### MATERIAL PROVIDED:
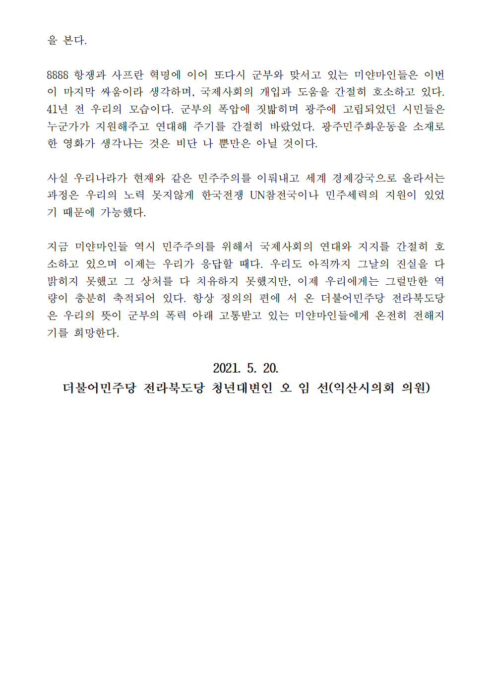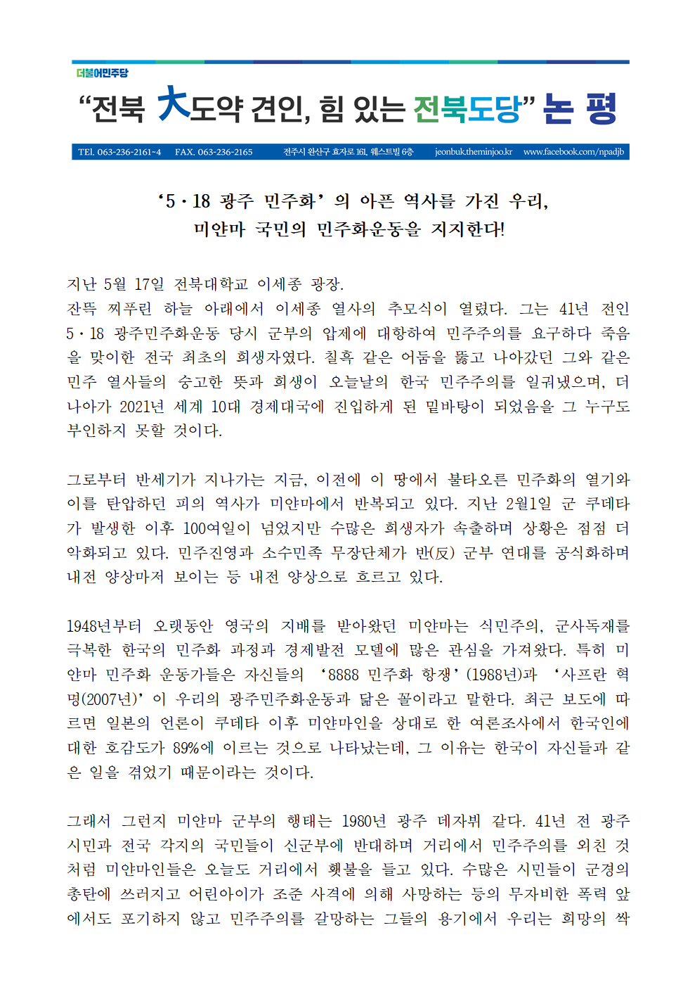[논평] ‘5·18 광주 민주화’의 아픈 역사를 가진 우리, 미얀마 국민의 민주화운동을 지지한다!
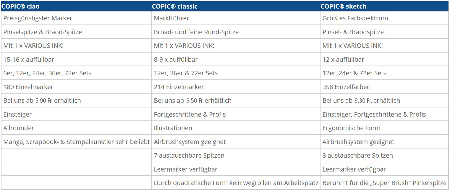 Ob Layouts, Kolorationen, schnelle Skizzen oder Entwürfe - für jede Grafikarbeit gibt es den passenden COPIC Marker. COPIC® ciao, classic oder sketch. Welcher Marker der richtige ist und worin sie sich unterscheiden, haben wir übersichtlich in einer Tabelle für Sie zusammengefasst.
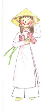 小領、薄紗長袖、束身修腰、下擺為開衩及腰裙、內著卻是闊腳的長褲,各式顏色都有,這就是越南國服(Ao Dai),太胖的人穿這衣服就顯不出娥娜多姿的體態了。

### EXERCISE AIM:
Return only the lines from the one that contains "Ob Layouts, Kolorationen, schnelle" through the closing line of the data, inclusive, reproduced exactly and with every picture left out.

### ANSWER:
 Ob Layouts, Kolorationen, schnelle Skizzen oder Entwürfe - für jede Grafikarbeit gibt es den passenden COPIC Marker. COPIC® ciao, classic oder sketch. Welcher Marker der richtige ist und worin sie sich unterscheiden, haben wir übersichtlich in einer Tabelle für Sie zusammengefasst.
 小領、薄紗長袖、束身修腰、下擺為開衩及腰裙、內著卻是闊腳的長褲,各式顏色都有,這就是越南國服(Ao Dai),太胖的人穿這衣服就顯不出娥娜多姿的體態了。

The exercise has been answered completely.